Lower operational risk, as governance, lineage, security, and compliance controls are built into the platform.
Scalable AI adoption, as organisations can run analytics, BI, and agentic workloads on one governed fabric, instead of stitching together disconnected tools.
Most of the new databases being created on platforms like Neon (recently acquired by Databricks) are already spun up by AI agents. This is the new baseline for enterprise AI.

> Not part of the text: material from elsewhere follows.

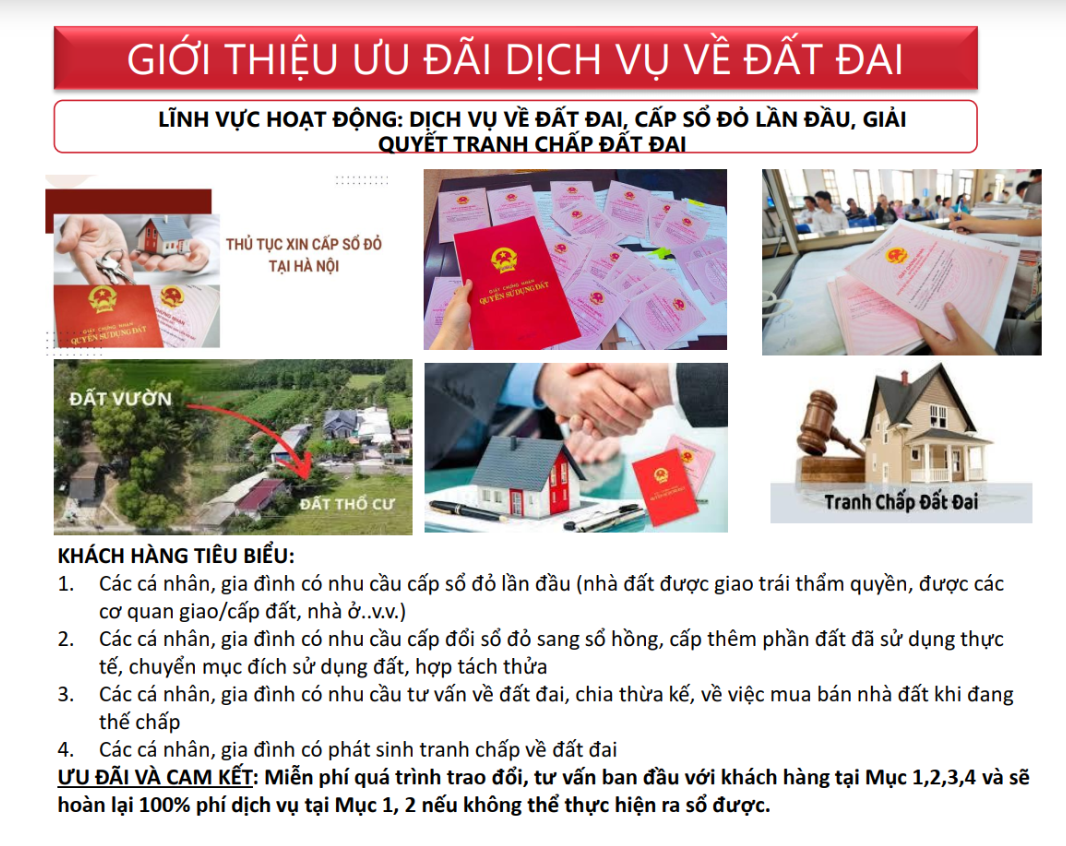 Miễn phí quá trình trao đổi, tư vấn ban đầu với khách hàng tại Mục 1,2,3,4 và sẽ hoàn lại 100% phí dịch vụ tại Mục 1, 2 nếu không thể thực hiện ra sổ được

Conversational Analytics Is Becoming the New BI Entry Point
Conversational analytics, or GenBI, is technology that allows users to have natural language conversations and find answers from their data. While some organisations may choose to develop this layer over their existing disparate data sources, Databricks includes built-in functionality.
With Genie, business teams can ask questions in natural language and receive dashboards and reports, along with explanations. For example, during the event demo, a marketing lead persona asked Genie which tactics drove the most qualified leads last quarter, and received an instant narrative summary with supporting charts and tables. The user could also ask follow-up questions and give more system feedback.
For larger decisions, AI research agents can generate data-backed recommendations tied directly to source tables. This is the kind of context necessary for executive decision-making.
For enterprises, conversational BI unlocks three major shifts:
Analytics becomes accessible to everyone, and the data team stops being a bottleneck.
Faster, deeper decision cycles as follow-on questions become instantaneous, avoiding week-long request cycles.
Central governance with self-service autonomy encourages data use across the organisation without running into compliance trouble.
At V2 AI, we built our GenBI accelerator almost a year ago and have been helping several clients implement GenBI both within (connecting with Databricks Genie) and outside of Databricks.

Tried-and-Tested Governance and Technology Principles Still Apply
A recurring message from the AI demos on show was that even as AI capabilities accelerate, the foundations of successful enterprise delivery haven’t changed. In fact, they matter more than ever. Simplicity, governance, and architectural discipline are what turn AI from a promising experiment into a dependable part of core operations.
For example, National Australia Bank (NAB’s) Ada platform demo presented a practical blueprint for how large, regulated organisations can modernise responsibly. Their approach was built on clarity and discipline:
A streaming-first pipeline
A deliberately simple tech stack (Fivetran + Databricks + PowerBI)
A strong commitment to cloud-native patterns over bespoke infrastructure.
With clean, governed, and consistently flowing data, NAB is powering use cases like knowledge management, financial crime detection, and personalised customer journeys.
This “make the data layer boring” philosophy is exactly what AI needs to perform reliably. The lesson from FSI is simple: innovation accelerates when guardrails of governance, transparency, and controllability are treated as foundational.
Conclusion — Accelerating Real-World AI Deployment
OpenAI’s Head of GTM in ANZ, Satya Tammareddy, highlighted in her opening keynote that real acceleration in AI comes from bringing frontier models directly to where enterprise data already lives. Australia and New Zealand are already proving to be AI-forward markets, with strong momentum across enterprises, developers, and everyday usage.
With the technical foundations now in place, the differentiator is the business outcomes you choose to deliver with AI. The fastest path forward is simple: start with the use cases that matter, use the data you already have, and iterate until value becomes repeatable.